Georges: 10 Years Later
Georges: 10 Years Later
by Tadson Bussey and Jeff Strohm
Designer Magazine (Vol. 33, No. 4)
Were you in New Orleans during Hurricane Georges? Drop us a line with your memories. firstname.lastname@example.org
September 1998: The UCDA Design Conference had its sights set on the dynamic city of New Orleans. So did a hurricane.
First of all, let's remember that 1998 was pre-Katrina. Hurricane Andrew had had a huge impact on Florida a few years prior, but that was Florida, not Louisiana. And in the days leading up to the conference, this tropical storm called Georges was heading for Florida and then Alabama. When the call was made about whether to continue with the design conference, the signs pointed to some potential rain, but not much more.
"My plane landed, and the pilot announced that those of us who were heading into the city probably weren't going to get out anytime soon.

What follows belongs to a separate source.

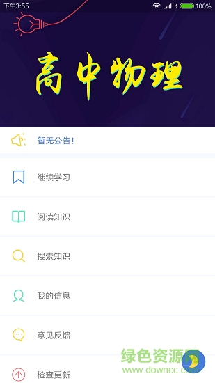 高中物理大全是专为高中学生提供的一款物理学习app,有些物理知识在课堂上没有及时消化,导致学习进度跟不上,作业完成难度高,高中物理大全,包含了高中物理的所有知识,哪里不会就学哪里,感兴趣的朋友就来绿色资源网下载安装吧

All planes were leaving the airport. It was obvious that something big was happening on my way into town," says Jeff Strohm, who was attending the conference." The highway leaving the city was packed, but it was completely clear heading into the city. We made great time" Asking the cab to stop at a convenience store, Jeff loaded up on peanut butter, crackers, and water as a precaution.

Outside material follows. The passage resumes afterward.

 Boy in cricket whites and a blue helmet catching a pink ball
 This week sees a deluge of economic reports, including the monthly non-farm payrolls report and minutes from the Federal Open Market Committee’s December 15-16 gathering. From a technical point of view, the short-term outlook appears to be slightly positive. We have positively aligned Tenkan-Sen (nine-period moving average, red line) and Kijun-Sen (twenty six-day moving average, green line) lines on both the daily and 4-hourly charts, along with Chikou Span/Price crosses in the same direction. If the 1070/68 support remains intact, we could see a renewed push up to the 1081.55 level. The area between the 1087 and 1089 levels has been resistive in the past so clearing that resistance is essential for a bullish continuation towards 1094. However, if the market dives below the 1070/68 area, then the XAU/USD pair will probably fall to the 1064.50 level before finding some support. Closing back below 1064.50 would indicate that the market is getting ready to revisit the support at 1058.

"We were prepared for some rain and wind," says Tadson Bussey, who was the conference chair at the time. "Our contacts in New Orleans told us that this kind of storm happened all the time, and that is was no big deal. I think that's part of the complacency that the city had prior to Katrina. They really thought a hurricane couldn't happen there."
"When we headed down to New Orleans, the newspapers warned of possible rains," he continues. "And then Saturday morning we awoke to the headlines 'NO Prepares for Direct Hit.'" The conference hotel went into emergency mode, bringing in staff and their families. And while some UCDA members and conference speakers chose not to travel, Tadson and his colleagues were faced with 140 attendees and a conference to put on.
"We decided that since we couldn't leave, we would have the best conference we could under the circumstances," he remembers. Speakers rearranged their topics, sessions were improvised, and the supplies that had made it to the city were used to their utmost. One of the presenters was ready to pay $1,000 cash for a cab to take her out of town. (The cabbie refused.) The mask-making workshop went well, even though the presenter dropped off her supplies and promptly headed back north, eventually getting the very last rental car available at the airport. The impromptu Hurricollage breakout session was well attended, and members created their own personal weather statements from whatever they had on hand.
"The hotel told us to fill our bathtubs with water, and close the drapes. The winds began to hit around midday, and at lunch the plate glass windows in the restaurant were violently bowing in and out. By dinner they had been boarded up. The hotel assured us that the building had been engineered to withstand a category 4 hurricane, but my roommate and I still considered putting part of the mattresses in front of the windows in our room," remembers Jeff.
The Westin soldiered on, providing basic meals and services. The city was under curfew for 48 hours.
"The worst of the storm hit on Sunday, and it wasn't until Tuesday morning that we were cleared to leave the building. It was surreal walking around a completely empty French Quarter. The only other place that was open for business was another hotel, so we had more hotel food. But at least it was different hotel food," remembers Tadson. Georges did ultimately spare New Orleans, changing direction at the last minute.
"I guess we really didn't know how bad it could have been until Katrina," says Tadson. "A crisis certainly brings people together in a way that nothing else can. I'll remember those people and that event forever."
He continues, "I can't even imagine what the city went through when Katrina hit. We were scared, but we were ultimately completely safe and unscathed. In August 2005, when we heard the news of Katrina, the first thing I did was to call one of the people who attended the conference back in 1998."
"We were really very fortunate," agrees Jeff. "I still watch the weather pretty closely around conference time."